> Exercise aim:
Restate the listing below word for word, and leave its pictures behind.

> Information provided:
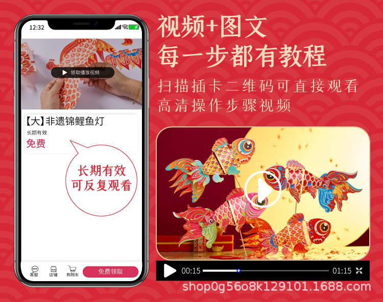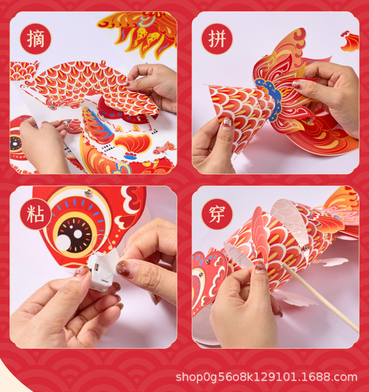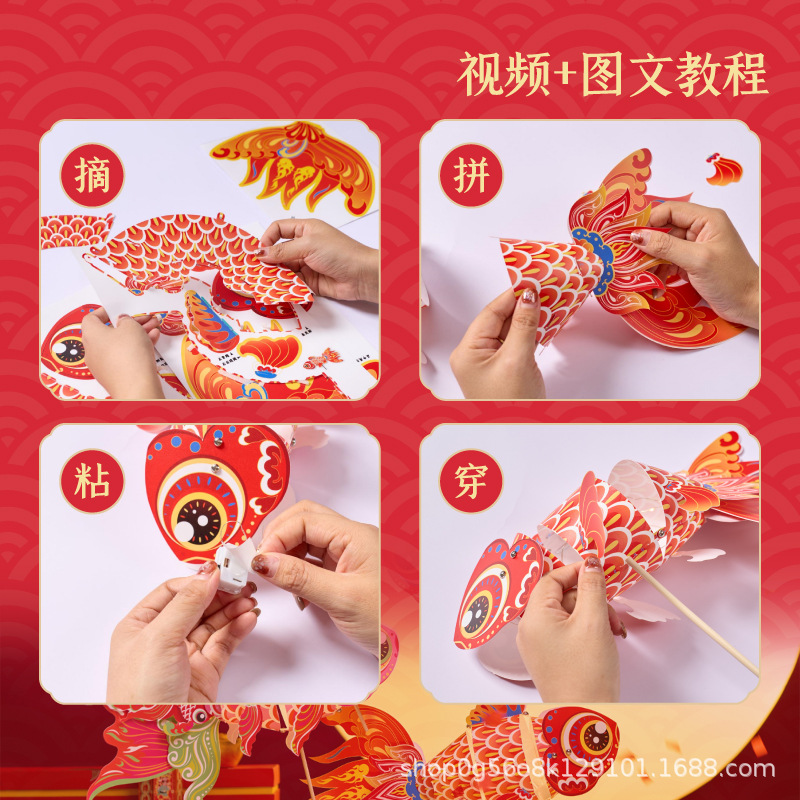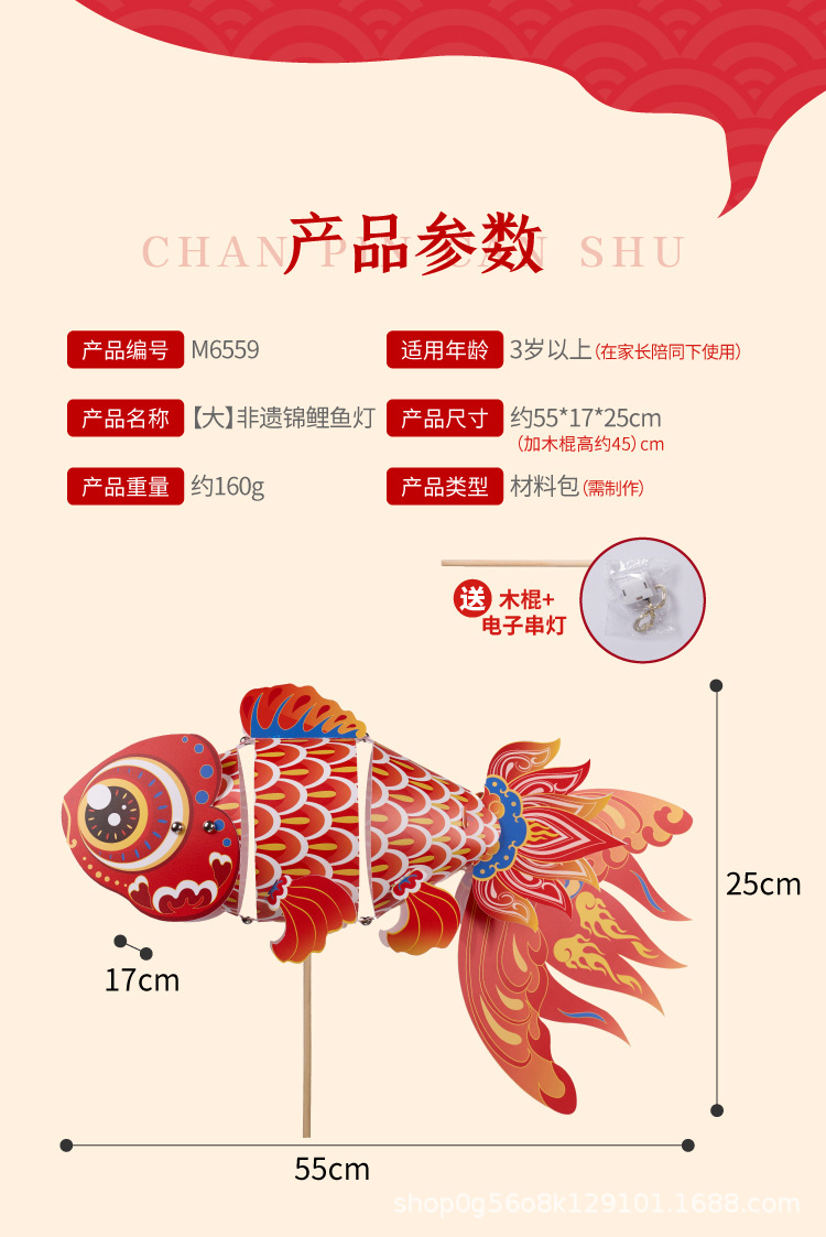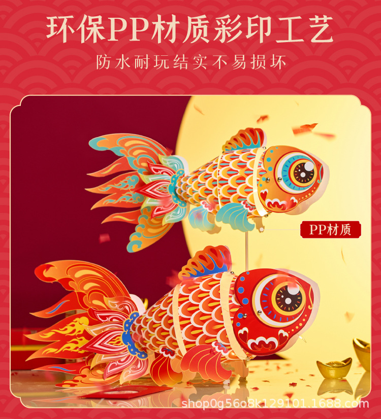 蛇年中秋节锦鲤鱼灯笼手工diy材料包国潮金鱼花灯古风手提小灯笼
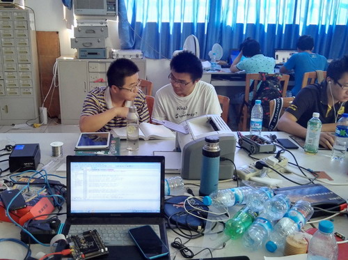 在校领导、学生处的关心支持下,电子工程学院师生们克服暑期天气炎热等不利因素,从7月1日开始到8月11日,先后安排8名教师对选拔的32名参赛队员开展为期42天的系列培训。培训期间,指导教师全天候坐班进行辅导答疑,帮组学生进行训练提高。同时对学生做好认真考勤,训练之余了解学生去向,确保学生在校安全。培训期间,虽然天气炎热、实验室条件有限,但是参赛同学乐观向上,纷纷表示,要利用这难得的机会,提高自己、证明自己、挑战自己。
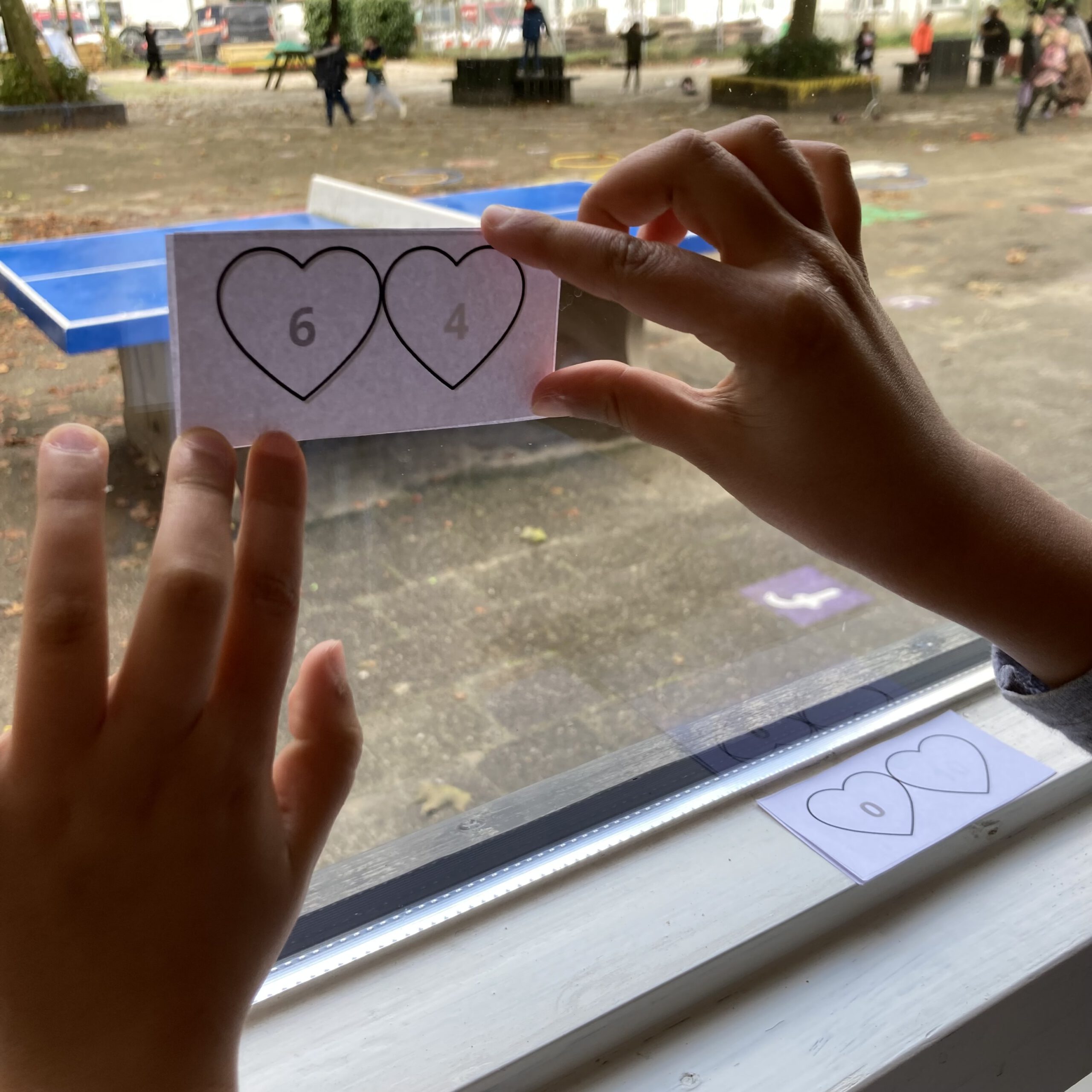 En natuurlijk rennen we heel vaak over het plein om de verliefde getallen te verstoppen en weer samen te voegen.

> Task output:
 蛇年中秋节锦鲤鱼灯笼手工diy材料包国潮金鱼花灯古风手提小灯笼
 在校领导、学生处的关心支持下,电子工程学院师生们克服暑期天气炎热等不利因素,从7月1日开始到8月11日,先后安排8名教师对选拔的32名参赛队员开展为期42天的系列培训。培训期间,指导教师全天候坐班进行辅导答疑,帮组学生进行训练提高。同时对学生做好认真考勤,训练之余了解学生去向,确保学生在校安全。培训期间,虽然天气炎热、实验室条件有限,但是参赛同学乐观向上,纷纷表示,要利用这难得的机会,提高自己、证明自己、挑战自己。
 En natuurlijk rennen we heel vaak over het plein om de verliefde getallen te verstoppen en weer samen te voegen.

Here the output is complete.